*DATASET EXCERPT*
┄┄┄┄┄┄┄┄┄┄
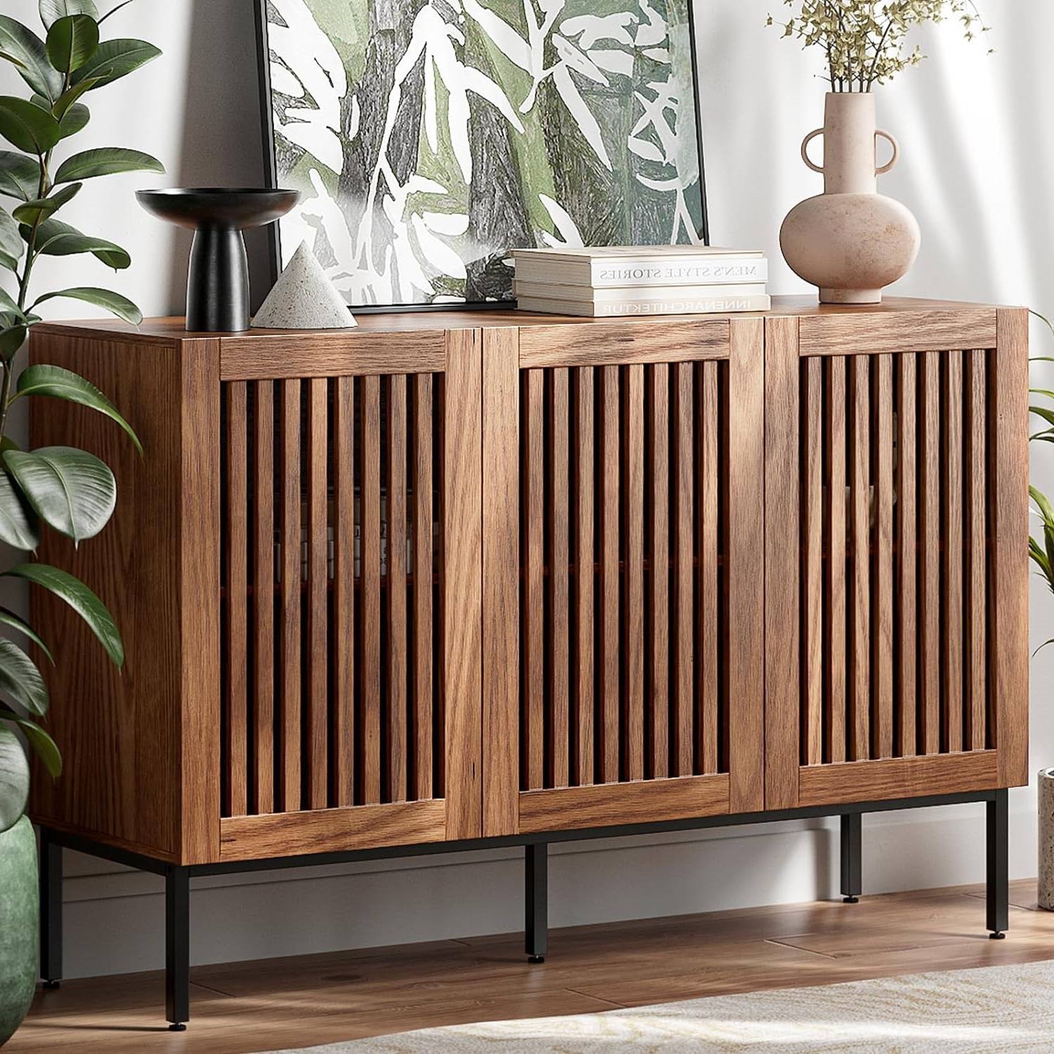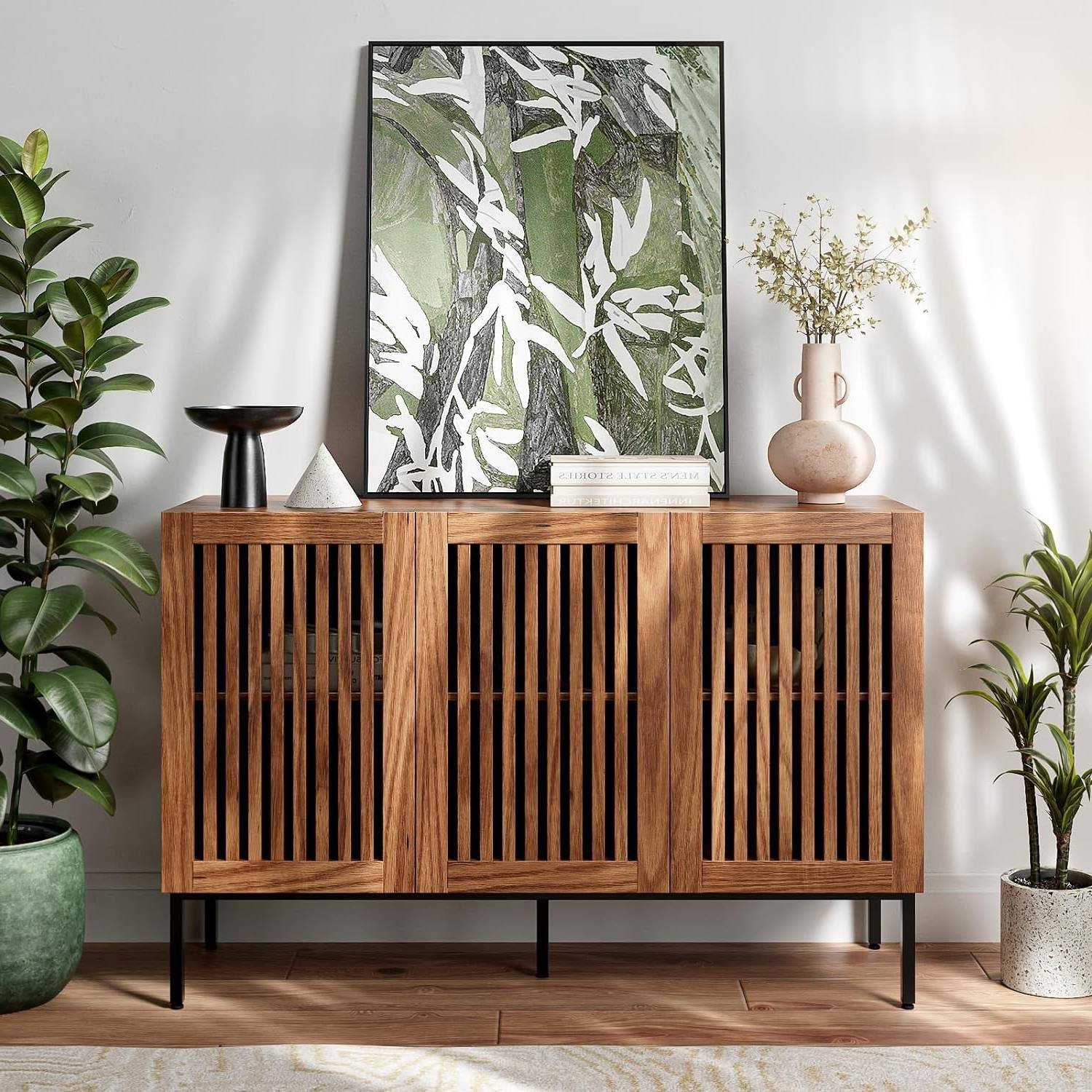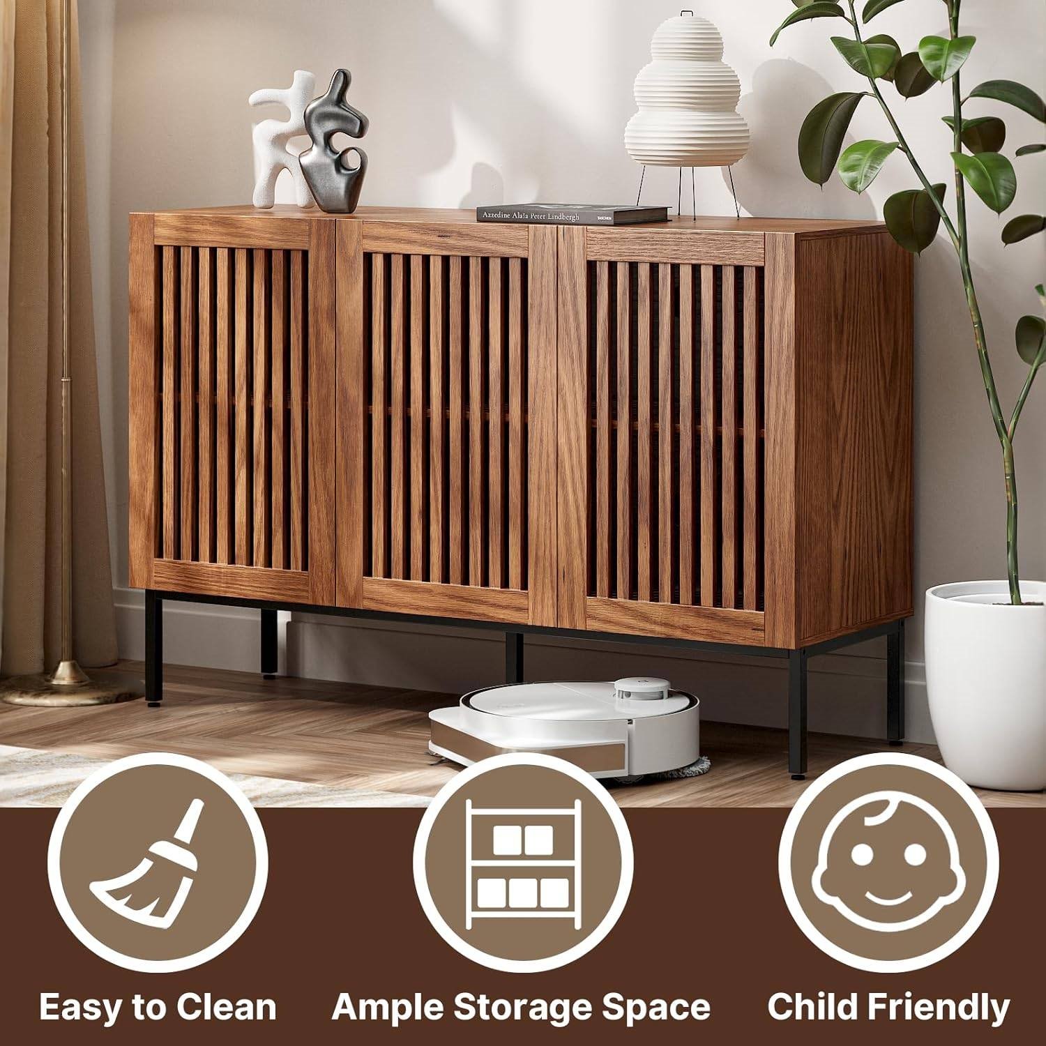 This Mid-Century Modern Dining Buffet Storage Cabinet Sideboard in Brown Wood Finish, adorned with grille-striped doors, embodies a unique design that effortlessly blends the rustic charm of the countryside with modern elegance. Not only a buffet cabinet but also an eye-catching storage sideboard. It serves as a captivating focal point in your living room, dining room, or office, adding a touch of style and functionality to any space. Boasting four spacious compartments and adjustable shelves, our storage cabinet offers ample room for all your belongings. Organize and stash away everything from books to clothes, toys to home decor, all while maintaining a tidy and stylish appearance. Brown accent cabinet whole is made of high-quality MDF wood, which is waterproof, scratch-resistant and wear-resistant. Metal legs is sturdy and stable, long-lasting construction and easy to clean. which is strong enough to stand the microwaves, mixers, blenders and even coffee machines. At the same time,it will separate the cabinet from the ground to prevent moisture. The Mid-Century Modern Dining Buffet Storage Cabinet Sideboard in Brown Wood Finish comes with the tools needed for installation and clear and concise instructions. You can quickly assemble in 20 minutes. Overall Dimensions: 47.2”(L) x 15.3”(W) x 31.5”(H).
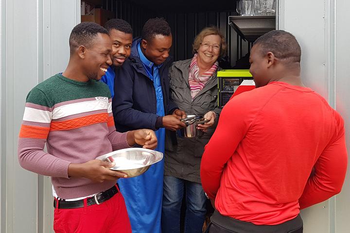 Jeder Togolese bekam einen Topf und einen Löffel. Hier war Frau Heiland streng, weil einfach derzeit nur so wenig von diesen wichtigen Dingen vorhanden ist. Die Syrer, Türken und Gambier, die auch um Geschirr fragten, erhielten am heutigen Tag nichts, da sie zuerst die Neuankömmlinge versorgen wollte.
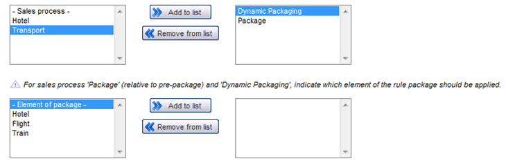When configuring a cost or a reduction, if the “Package” or “Dynamic package” sales process is selected, a new section is displayed allowing you to specify the package elements.
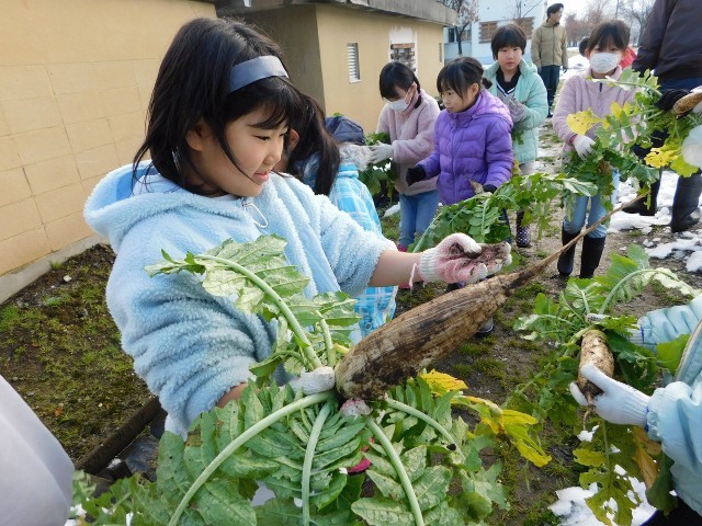 小さな種から大きく育ったダイコンを目にした子どもたちはますますうれしそうです。
┄┄┄┄┄┄┄┄┄┄
Reproduce all the material exactly, omitting images.

*ANSWER SECTION*
 This Mid-Century Modern Dining Buffet Storage Cabinet Sideboard in Brown Wood Finish, adorned with grille-striped doors, embodies a unique design that effortlessly blends the rustic charm of the countryside with modern elegance. Not only a buffet cabinet but also an eye-catching storage sideboard. It serves as a captivating focal point in your living room, dining room, or office, adding a touch of style and functionality to any space. Boasting four spacious compartments and adjustable shelves, our storage cabinet offers ample room for all your belongings. Organize and stash away everything from books to clothes, toys to home decor, all while maintaining a tidy and stylish appearance. Brown accent cabinet whole is made of high-quality MDF wood, which is waterproof, scratch-resistant and wear-resistant. Metal legs is sturdy and stable, long-lasting construction and easy to clean. which is strong enough to stand the microwaves, mixers, blenders and even coffee machines. At the same time,it will separate the cabinet from the ground to prevent moisture. The Mid-Century Modern Dining Buffet Storage Cabinet Sideboard in Brown Wood Finish comes with the tools needed for installation and clear and concise instructions. You can quickly assemble in 20 minutes. Overall Dimensions: 47.2”(L) x 15.3”(W) x 31.5”(H).
 Jeder Togolese bekam einen Topf und einen Löffel. Hier war Frau Heiland streng, weil einfach derzeit nur so wenig von diesen wichtigen Dingen vorhanden ist. Die Syrer, Türken und Gambier, die auch um Geschirr fragten, erhielten am heutigen Tag nichts, da sie zuerst die Neuankömmlinge versorgen wollte.
When configuring a cost or a reduction, if the “Package” or “Dynamic package” sales process is selected, a new section is displayed allowing you to specify the package elements.
 小さな種から大きく育ったダイコンを目にした子どもたちはますますうれしそうです。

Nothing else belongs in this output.